Die Herausforderung
Eine mittelgroße Genfer Kanzlei erhielt täglich rund hundert Postdokumente und über 200 E-Mails. Das Sortieren, Klassifizieren und Zuordnen zu den richtigen Akten band zwei Assistentinnen mehrere Stunden am Tag. Fehlklassifizierungen kosteten Zeit bei der Suche nach wichtigen Unterlagen, und kritische Fristen drohten übersehen zu werden. Dringende Mails konnten in Stoßzeiten Stunden unbeachtet bleiben.
Die Kanzlei wollte den Prozess modernisieren, ohne die Vertraulichkeit der Mandantenakten zu gefährden oder auf Public-Cloud-Dienste auszuweichen, in denen Daten die Schweiz verlassen. Da sie sensible Mandate für Family Offices und internationale Unternehmen betreut, war Datensouveränität zentral.
Die umgesetzte Lösung
Wir bauten eine intelligente Automatisierung mit Microsoft-Technologien im eigenen Azure in der Schweiz. Azure Document Intelligence extrahiert Text und Struktur aus Scans und PDFs, Azure OpenAI Service mit einem privat bereitgestellten GPT-4-Modell analysiert und klassifiziert Inhalte, Azure AI Search indexiert alles für semantische Suche.
Der Ablauf startet mit dem Scannen physischer Post auf einen sicheren SharePoint-Ordner. Parallel überwacht ein Power-Automate-Flow das gemeinsame E-Mail-Postfach. Jedes neue Dokument oder jede Mail löst den Flow aus und extrahiert Inhalte. Document Intelligence liest Volltext und erkennt Kopfzeilen, Tabellen, Unterschriften; bei E-Mails werden Body und Anhänge analysiert.
Der extrahierte Text geht an GPT-4 mit Anweisungen für eine gemeinsam definierte Taxonomie: Mandantenpost, Gerichtsvorladung, Lieferantenrechnung, Vertrag, gegnerische Korrespondenz, gerichtliches Dokument, Offertenanfrage, dringende Angelegenheit oder Sonstiges. Das Modell erkennt Schlüsselentitäten wie Mandantenname, Aktennummer, wichtige Daten, Beträge und Dringlichkeitsstufe.

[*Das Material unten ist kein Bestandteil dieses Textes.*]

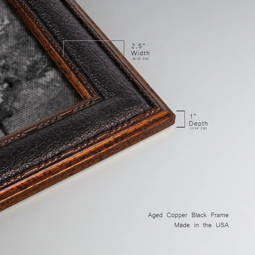 Found Textures XIII Premium Framed Canvas- Ready to Hang A Premium Framed Canvas created to last. Framed in distressed wood and available in an array of sizes and colors Featuring a beveled a solid wood stretcher bar, each piece comes ready to hand 3 SIZES AVAILABLE 21''X37'' - Overall Size 25''X45'' - Overall Size 29''x53'' - Overall Size Each piece is made to order. Each piece comes with hanging hardware. Made in the USA Ready to Hang Giclee Paper Print Acrylic Glass Beveled Matt Board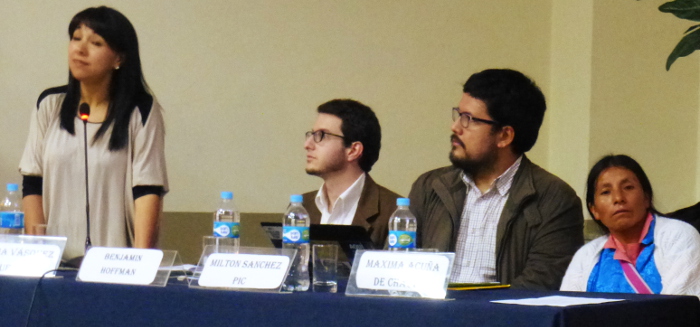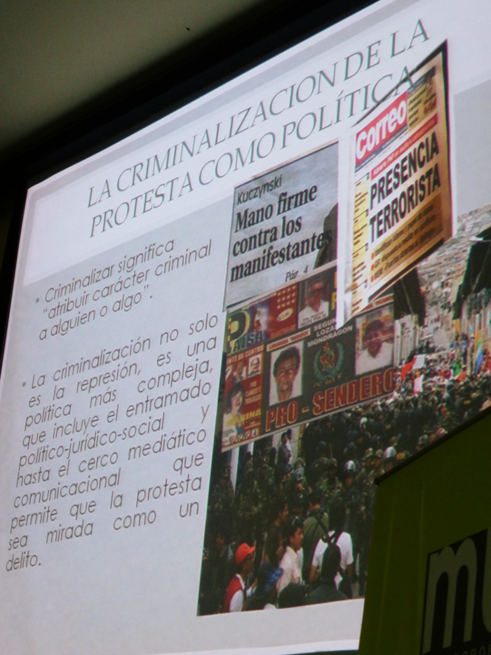s Humanos, CARE, IBC (Instituto del Bien Común / Institut für das Gemeinwohl) und AIDESEP (Interethnischer Verband für die Entwicklung des Peruanischen Regenwaldes). Am zweiten Konferenztag stellte das Red Muqui den Fall Yanacocha vor, der größten Goldmine Lateinamerikas in Cajamarca im Norden Perus. In Kooperation mit Grufides und der Plataforma Interinstitucional de Celendín (PIC) zeigten sie den Dokumentarfilm “La hija de la Laguna“ (vom Film-Kollektiv Guarango), über den ich hier schon einmal geschrieben hatte. Máxima Acuña Chaupe und Elmer Campos erzählten, welche Auswirkungen die Macht der Mega-Unternehmen auf ihr Leben hat: Elmer wurde bei einer Demonstration gegen die Erweiterung der Goldmine (Conga-Projekt) in Cajamarca 2012 von einem Polizisten angeschossen und sitzt seitdem im Rollstohl, Máxima kämpft seit Jahren gegen Yanacocha um ihr Land, das sie nicht aufgeben will (siehe Blog-Eintrag David gegen Goliath, April 2015).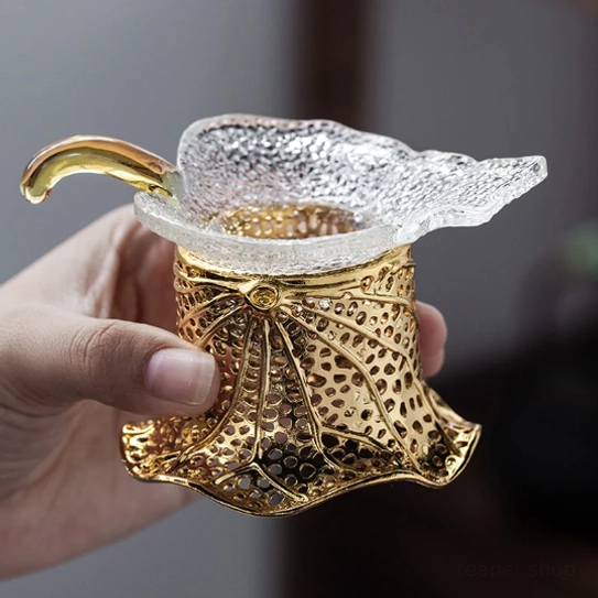 - What’s included: 1 glass tea strainer + 1 gold metal stand

Für E-Mails ermittelt das System zusätzlich die Stimmung und erstellt eine Ein-Satz-Zusammenfassung. Alle Metadaten werden zusammen mit dem Volltext in Azure AI Search indexiert. Je nach Klassifizierung wird die Datei automatisch in den richtigen SharePoint-Ordner verschoben; betroffene Anwälte erhalten eine Teams-Benachrichtigung mit Zusammenfassung und Dringlichkeit. Sehr dringende Mails erzeugen Sofortalarm.
Messbare Vorteile
Nach drei Monaten übertrafen die Resultate die Erwartungen. Die tägliche Bearbeitungszeit für Post und E-Mails sank von sechs auf unter eine Stunde – minus 83 %. Assistentinnen kümmern sich nur noch um vom System markierte Zweifelsfälle. Die Klassifizierungsgenauigkeit liegt bei 92 % für physische Dokumente und 89 % für E-Mails, gegenüber geschätzten 10 % menschlicher Fehlerrate zuvor.

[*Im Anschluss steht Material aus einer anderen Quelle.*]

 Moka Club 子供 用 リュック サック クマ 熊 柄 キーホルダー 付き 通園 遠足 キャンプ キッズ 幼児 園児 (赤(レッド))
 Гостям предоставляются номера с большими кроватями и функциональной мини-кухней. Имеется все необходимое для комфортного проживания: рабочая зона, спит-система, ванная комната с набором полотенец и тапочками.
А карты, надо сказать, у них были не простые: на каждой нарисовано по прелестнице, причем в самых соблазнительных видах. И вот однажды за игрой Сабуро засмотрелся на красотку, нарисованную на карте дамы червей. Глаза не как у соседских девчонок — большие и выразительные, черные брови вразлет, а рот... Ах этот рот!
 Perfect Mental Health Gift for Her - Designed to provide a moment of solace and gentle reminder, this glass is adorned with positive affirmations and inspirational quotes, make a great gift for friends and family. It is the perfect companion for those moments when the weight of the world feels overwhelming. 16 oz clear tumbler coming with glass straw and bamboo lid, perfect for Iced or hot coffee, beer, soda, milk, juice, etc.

Anwälte können sofort semantisch suchen, z. B. alle Schreiben zu einer Konkurrenzklausel finden, auch wenn die Formulierungen variieren. Die First-Response-Time auf Mandantenmails sank um 65 %, von durchschnittlich vier Stunden auf 1,4 Stunden.
Die Kanzlei verbesserte zudem Nachvollziehbarkeit: Alle Dokumente und Mails sind mit Zeitstempel und Audit-Log erfasst. Die Zufriedenheit stieg, weil Anwälte kontextreiche Benachrichtigungen mit Dringlichkeitsgrad erhalten statt Ordner manuell zu durchsuchen.
Technik und Sicherheit
Die Architektur wahrt vollständige Vertraulichkeit. Alle Azure-Dienste laufen in Switzerland North; Daten verlassen das Land nicht. Das GPT-4-Modell ist privat bereitgestellt, vertraglich ohne Trainingsnutzung. Zugriff wird über Azure AD und MFA gesteuert, jede Aktion protokolliert.
Die monatlichen Kosten inklusive Azure-Lizenzen und houle-Support entsprechen etwa 25 % der eingesparten Personalkosten und führen zu schnellem ROI.
Fazit
Diese Automatisierung zeigt, dass sich KI auch bei sensiblen Prozessen mit physischen Dokumenten und elektronischer Kommunikation einsetzen lässt, ohne Datenhoheit zu verlieren. Die Kanzlei gewinnt Effizienz und besseren Service durch kürzere Reaktionszeiten – im Trend von AI search, aber mit voller Kontrolle.